Fromryguy7272 <ryanshuell@gmail.com>
Date2015-11-25 14:48 -0800
Message-ID<c1e43997-0da3-4b93-b9af-98a2568eff9d@googlegroups.com>
In reply to#99498
On Wednesday, November 25, 2015 at 5:30:14 PM UTC-5, Grobu wrote:
> Hi
> 
> It seems that links on that Wikipedia page follow the structure :
> <a href="..." title="...">
> 
> You could extract a list of link titles with something like :
> re.findall( r'\<a[^>]+title="(.+?)"', html )
> 
> HTH,
> 
> -Grobu-
> 
> 
> On 25/11/15 21:55, MRAB wrote:
> > On 2015-11-25 20:42, ryguy7272 wrote:
> >> Hello experts.  I'm looking at this url:
> >> https://en.wikipedia.org/wiki/Wikipedia:Unusual_place_names
> >>
> >> I'm trying to figure out how to list all 'a title' elements.  For
> >> instance, I see the following:
> >> <a title="Accident, Maryland"
> >> href="/wiki/Accident,_Maryland">Accident</a>
> >> <a class="new" title="Ala-Lemu (page does not exist)"
> >> href="/w/index.php?title=Ala-Lemu&action=edit&redlink=1">Ala-Lemu</a>
> >> <a title="Alert, Nunavut" href="/wiki/Alert,_Nunavut">Alert</a>
> >> <a title="Apocalypse Peaks" href="/wiki/Apocalypse_Peaks">Apocalypse
> >> Peaks</a>
> >>
> >> So, I tried putting a script together to get 'title'.  Here's my attempt.
> >>
> >> import requests
> >> import sys
> >> from bs4 import BeautifulSoup
> >>
> >> url = "https://en.wikipedia.org/wiki/Wikipedia:Unusual_place_names"
> >> source_code = requests.get(url)
> >> plain_text = source_code.text
> >> soup = BeautifulSoup(plain_text)
> >> for link in soup.findAll('title'):
> >>      print(link)
> >>
> >> All that does is get the title of the page.  I tried to get the links
> >> from that url, with this script.
> >>
> > A 'title' element has the form "<title ...>". What you should be looking
> > for are 'a' elements, those of the form "<a ...>".
> >
> >> import urllib2
> >> import re
> >>
> >> #connect to a URL
> >> website =
> >> urllib2.urlopen('https://en.wikipedia.org/wiki/Wikipedia:Unusual_place_names')
> >>
> >>
> >> #read html code
> >> html = website.read()
> >>
> >> #use re.findall to get all the links
> >> links = re.findall('"((http|ftp)s?://.*?)"', html)
> >>
> >> print links
> >>
> >> That doesn't work wither.  Basically, I'd like to see this.
> >>
> >> Accident
> >> Ala-Lemu
> >> Alert
> >> Apocalypse Peaks
> >> Athol
> >> Å
> >> Barbecue
> >> Båstad
> >> Bastardstown
> >> Batman
> >> Bathmen (Battem), Netherlands
> >> ...
> >> Worms
> >> Yell
> >> Zigzag
> >> Zzyzx
> >>
> >> How can I do that?
> >> Thanks all!!



Thanks!!  Is that regex?  Can you explain exactly what it is doing?
Also, it seems to pick up a lot more than just the list I wanted, but that's ok, I can see why it does that.  

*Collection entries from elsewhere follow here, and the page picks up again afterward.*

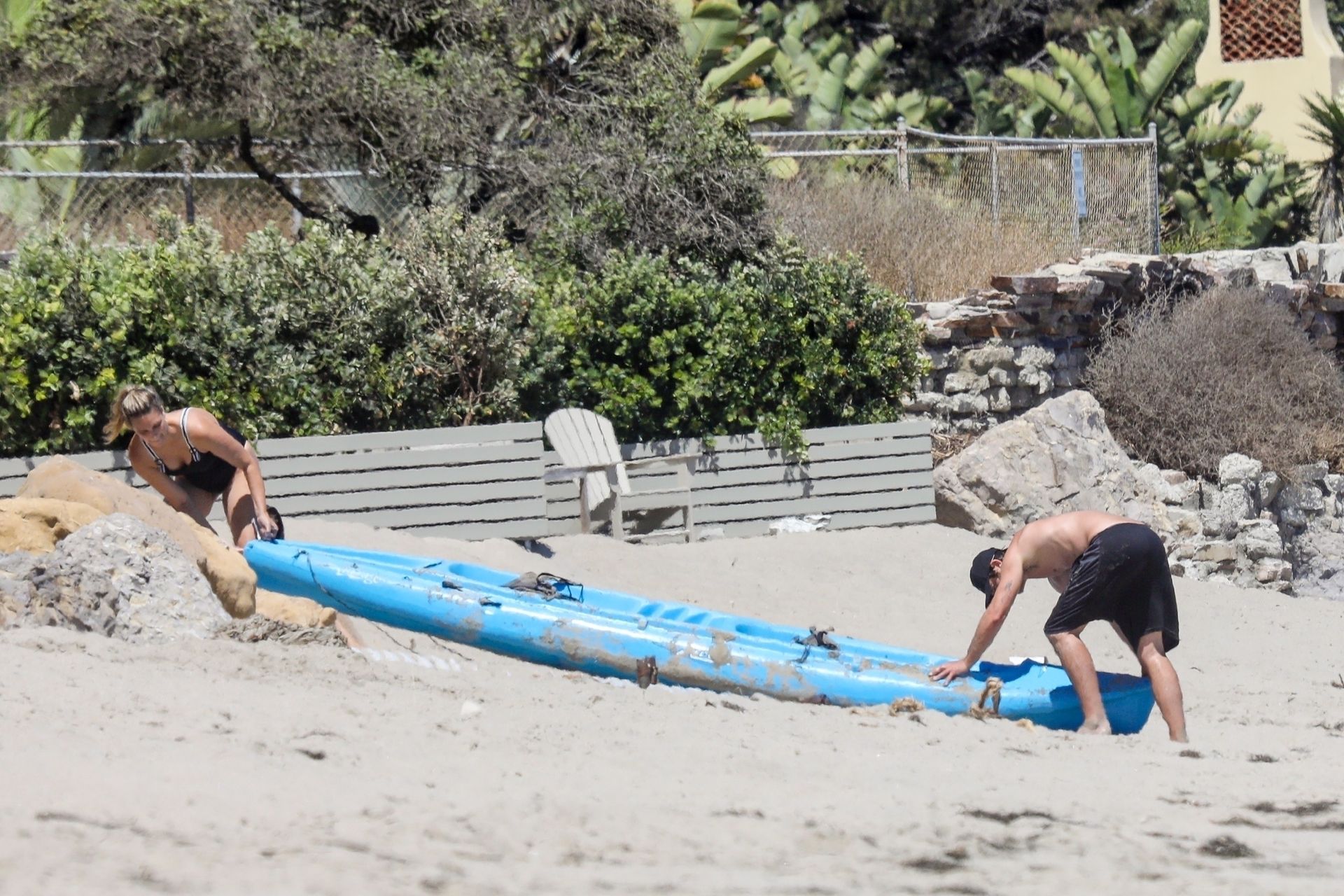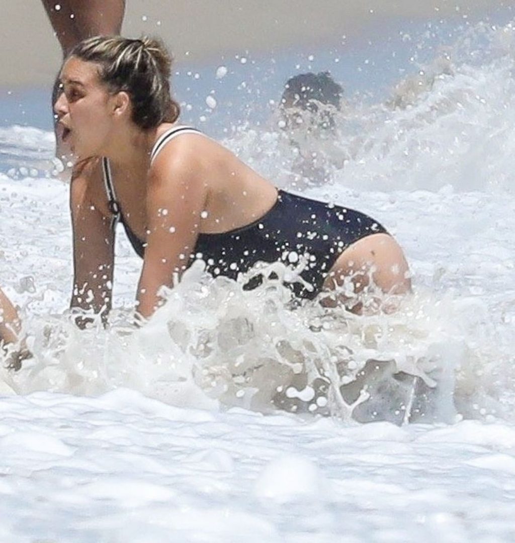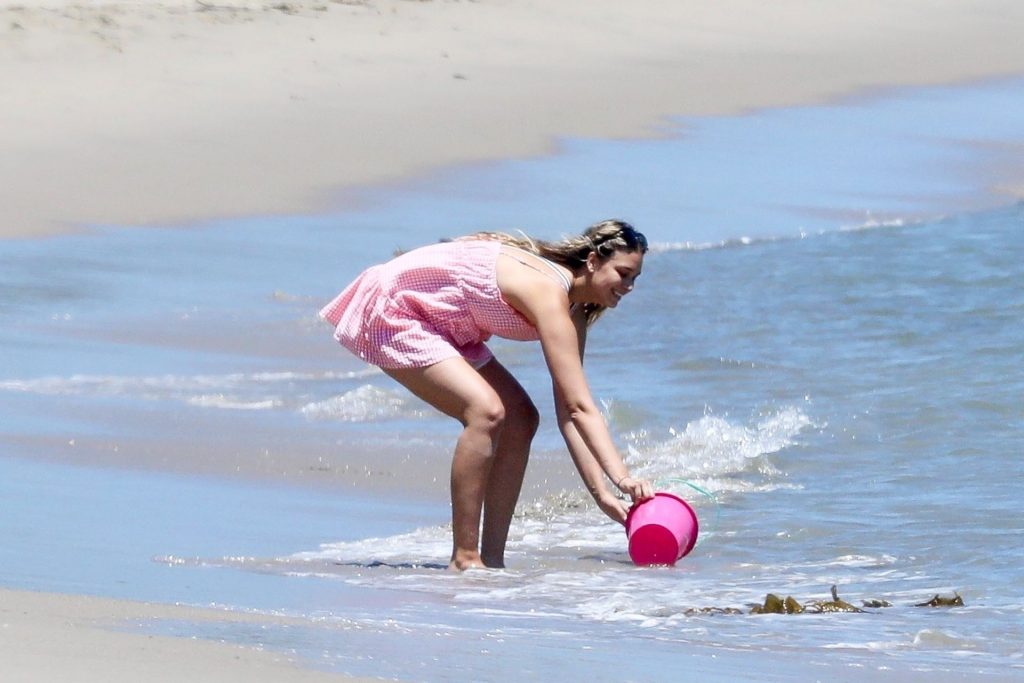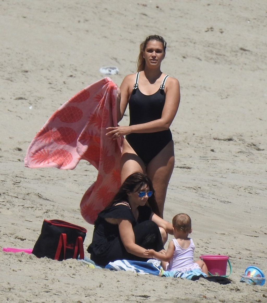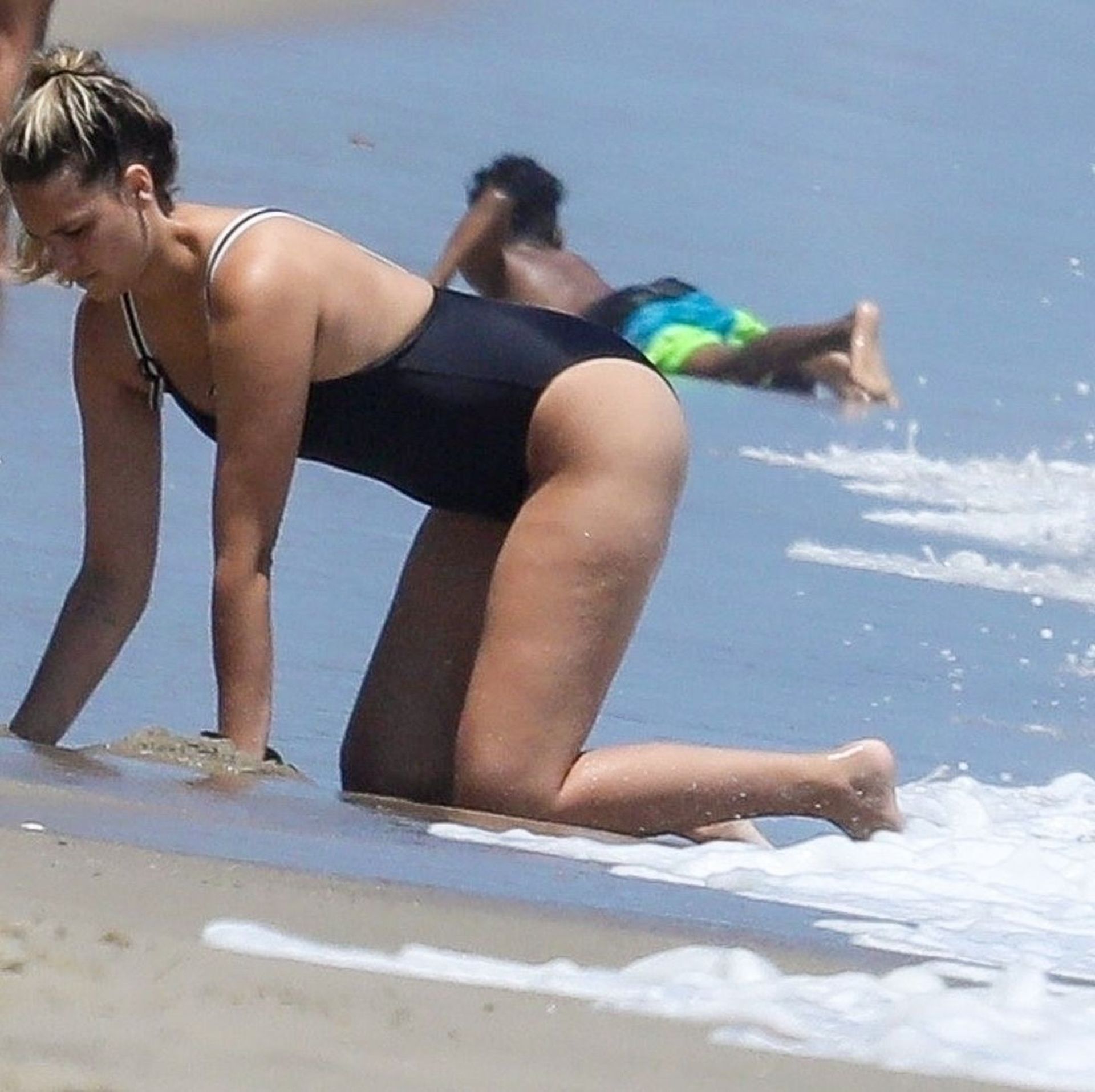 Эйприл ищет крабов вместе с дочерью, пока мальчики играют в воде и на каяке. Эйприл, которая родила дочь Лолу Ален Тик в феврале 2019 года и Мию Лав в феврале 2018 года, демонстрирует свои изгибы в простом черном цельном купальнике.
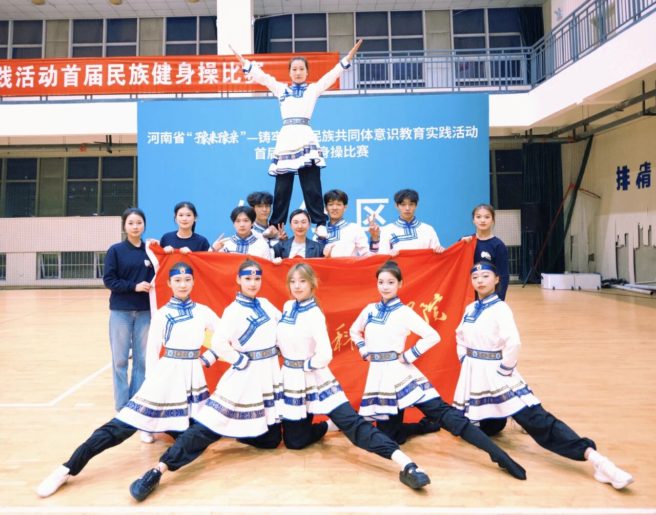 10月18日至19日,由河南省民族宗教事务委员会、省教育厅、省体育局联合主办的河南省首届“豫来豫亲”民族健身操比赛圆满落幕。beat365艺体学部体育与健康科教中心主任王正霞任领队,骨干教师成爽任教练员,16名运动员组成的健身操队参赛,最终斩获本科组规定套路二等奖、自选套路二等奖,成爽获评“优秀教练员”,刘远航获评“优秀运动员”。
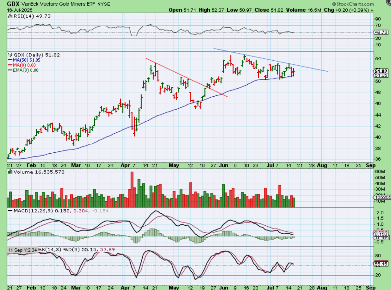 GDX continues to hold the 50sma and is also as choppy as Gold has been.
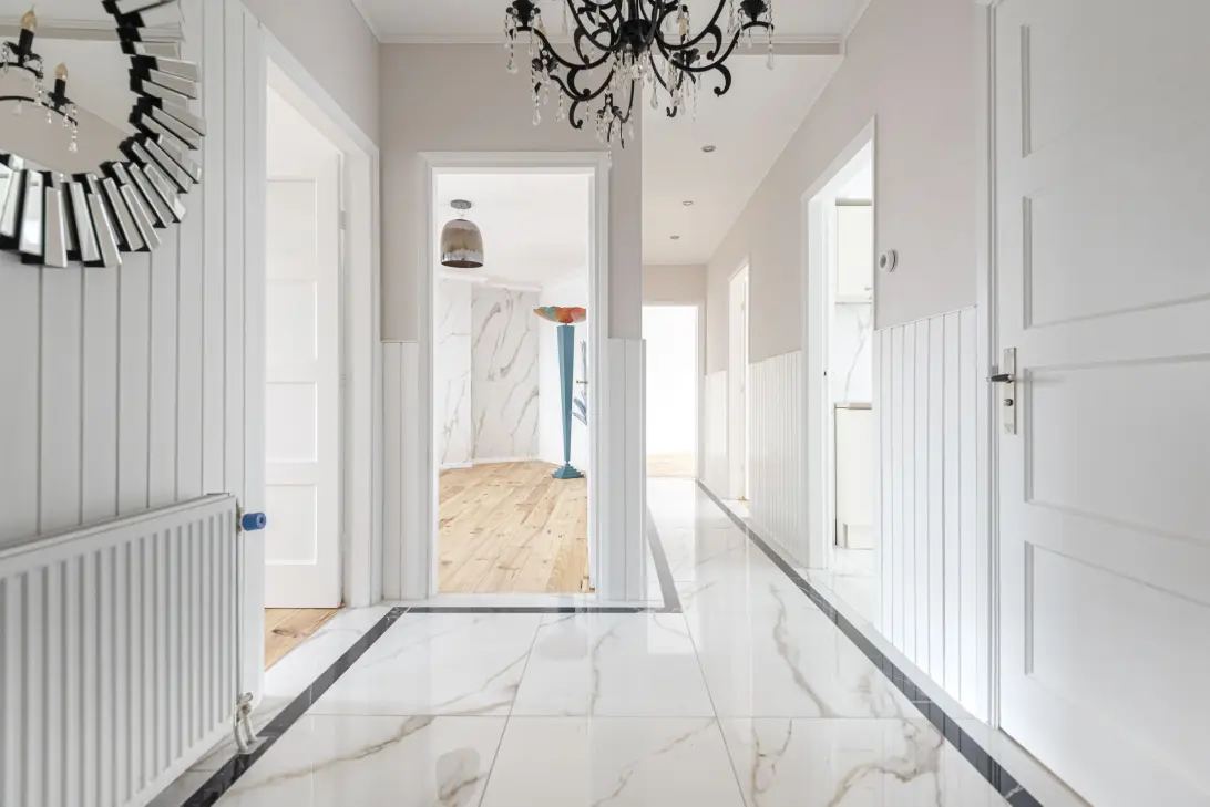 Het charmante appartement is in 2022 stijlvol verbouwd en gemoderniseerd. Daarbij zijn er een nieuwe keuken, badkamer en cv-ketel geplaatst. Alle ruimtes zijn aangepakt van de plinten tot het plafond, waarbij steeds dezelfde stijl is aangehouden. Het heerlijk lichte appartement is voorzien van een prachtige mix van Italiaanse, keramische marmerlook tegels en houten vloerdelen. De prachtige tegels en het verlaagde plafond met sierlijsten en spotjes trekken bij binnenkomst in de hal meteen de aandacht. Ook in de badkamer is het plafond verlaagd en voorzien van spotjes: bij de verbouwing van deze charmante woning zijn de details zeker niet vergeten! De tegels uit de hal komen terug in badkamer en keuken, toilet en bij de voormalige schouw in de woonkamer. In alle kamers ligt dezelfde houten vloer.

Can you just please explain what it's doing???

[toc] | [prev] | [next] | [standalone]


#99504

FromChris Angelico <rosuav@gmail.com>
Date2015-11-26 10:06 +1100
Message-ID<mailman.103.1448492791.20593.python-list@python.org>
In reply to#99502
On Thu, Nov 26, 2015 at 9:48 AM, ryguy7272 <ryanshuell@gmail.com> wrote:
> Thanks!!  Is that regex?  Can you explain exactly what it is doing?
> Also, it seems to pick up a lot more than just the list I wanted, but that's ok, I can see why it does that.
>
> Can you just please explain what it's doing???

It's a trap!

Don't use a regex to parse HTML, unless you're deliberately trying to
entice young and innocent programmers to the dark side.

ChrisA

[toc] | [prev] | [next] | [standalone]


#99508

FromGrobu <snailcoder@retrosite.invalid>
Date2015-11-26 00:44 +0100
Message-ID<n35h0v$stn$1@dont-email.me>
In reply to#99504
On 26/11/15 00:06, Chris Angelico wrote:
> On Thu, Nov 26, 2015 at 9:48 AM, ryguy7272 <ryanshuell@gmail.com> wrote:
>> Thanks!!  Is that regex?  Can you explain exactly what it is doing?
>> Also, it seems to pick up a lot more than just the list I wanted, but that's ok, I can see why it does that.
>>
>> Can you just please explain what it's doing???
>
> It's a trap!
>
> Don't use a regex to parse HTML, unless you're deliberately trying to
> entice young and innocent programmers to the dark side.
>
> ChrisA
>

Sorry, I wasn't aware of regex being on the dark side :-)
Now that you mention it, I suppose that their being complex and 
error-inducing could lead to broken code all too easily when there is a 
reliable, ready-made solution like BeautifulSoup.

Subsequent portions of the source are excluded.